# New guitar pieces please.



## malc (Apr 19, 2018)

Anybody writing transparent stuff ensemble or solo [or write one now?]


----------



## pkoi (Jun 10, 2017)

I have, theme and variations for solo guitar. Wrote it a few years ago. I'm not entirely satisfied with it, but I think it has some cool parts.


__
https://soundcloud.com/pekka-koivisto%2Ftheme-and-variations-for-guitar-solo


----------



## Phil loves classical (Feb 8, 2017)

pkoi said:


> I have, theme and variations for solo guitar. Wrote it a few years ago. I'm not entirely satisfied with it, but I think it has some cool parts.
> 
> 
> __
> https://soundcloud.com/pekka-koivisto%2Ftheme-and-variations-for-guitar-solo


Interesting harmony.


----------



## malc (Apr 19, 2018)

Nice spatial feel , sensitivity , tempo subtlety ,i was hoping for a score [or is that just cheeky?]


----------



## pkoi (Jun 10, 2017)

Hi, sorry for replying so late. I somehow missed this reply earlier.
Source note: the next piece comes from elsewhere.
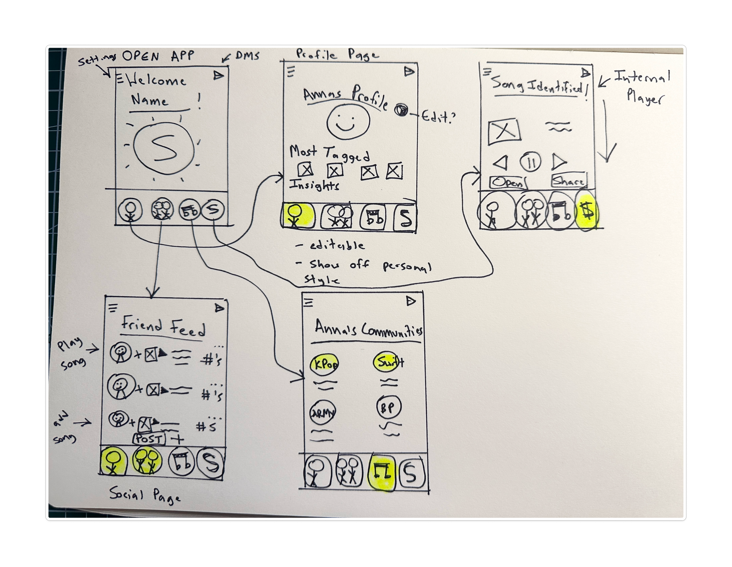 We ran two rounds of usability testing with tasks like finding a friend’s Shazam, exploring insights, and discovering a new playlist.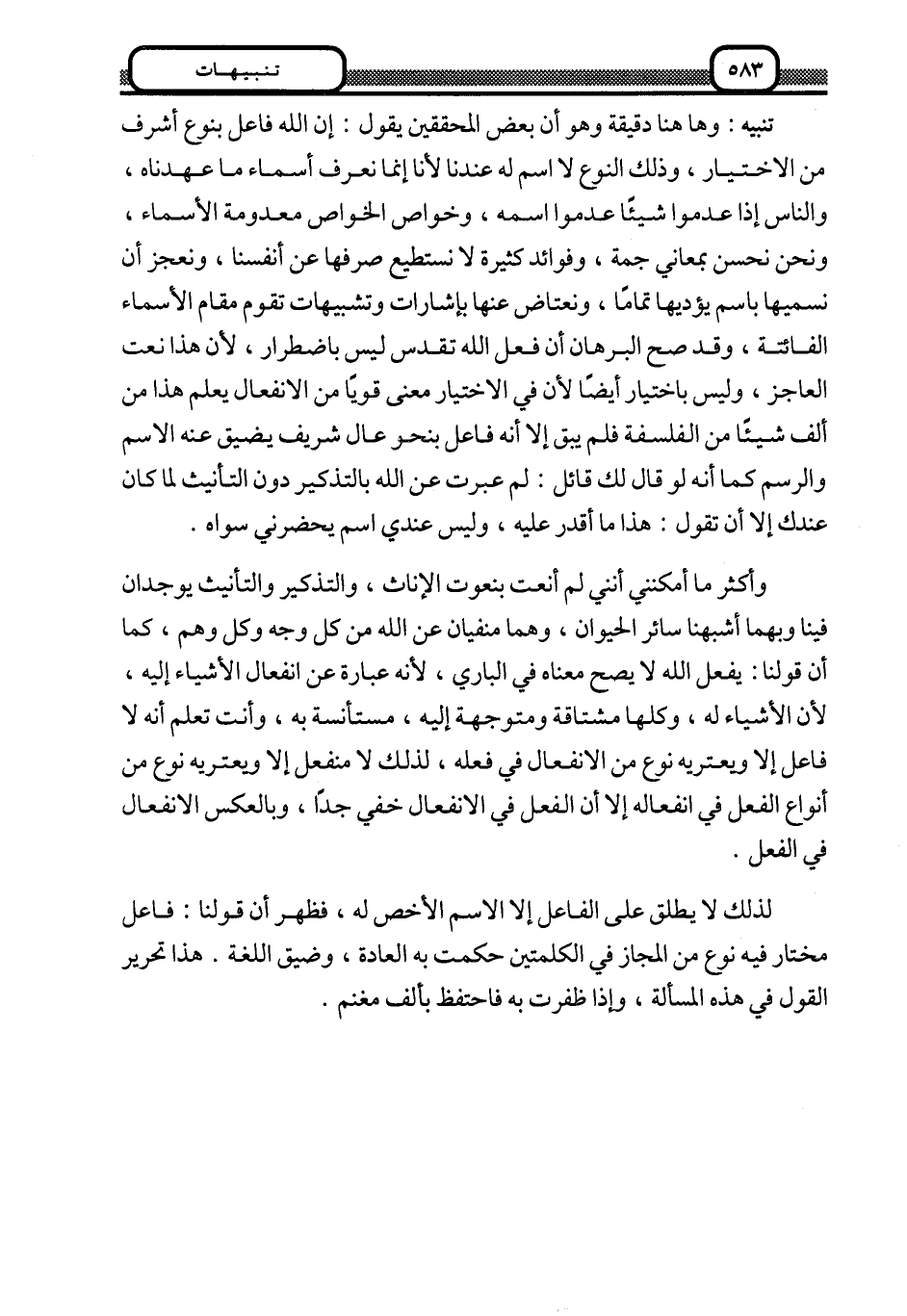تنبيه: وها هنا دقيقة وهو أن بعض المحققين يقول: إن الله فاعل بنوع أشرف من الاختيار، وذلك النوع لا اسم له عندنا لأنا إنما نعرف أسماء ما عهدناه، والناس إذا عدموا شيئا عدموا اسمه، وخواص الخواص معدومة الأسماء، ونحن نحسن بمعانٍ جمة، وفوائد كثيرة لا نستطيع صرفها عن أنفسنا، ونعجز أن نسميها باسم يؤديها تماما، ونعتاض عنها بإرشارات وتشبيهات تقوم مقام الأسماء الفائتة، وقد صح البرهان أن فعل الله تقدس ليس باضطرار؛ لأن هذا نعت العاجز، وليس باختيار أيضا لأن في الاختيار معنى قويا من الانفعال يعلم هذا من ألف شيئا من الفلسفة فلم يبق إلا أنه فاعل بنحو عال شريف يضيق عنه الاسم والرسم كما أنه لو قال لك قائل: لم عبرت عن الله بالتذكير دون التأنيث لما كان عندك إلا أن تقول: هذا ما أقدر عليه، وليس عندي اسم يحضرني سواه.

Naturally I can provide the score, it should be attached to this message.

Regards,

Pekka


----------



## malc (Apr 19, 2018)

Seems quite do-able , have you put it on youtube , or musescore?


----------



## pkoi (Jun 10, 2017)

I don't have it on youtube but check the audio link above.


__
https://soundcloud.com/


----------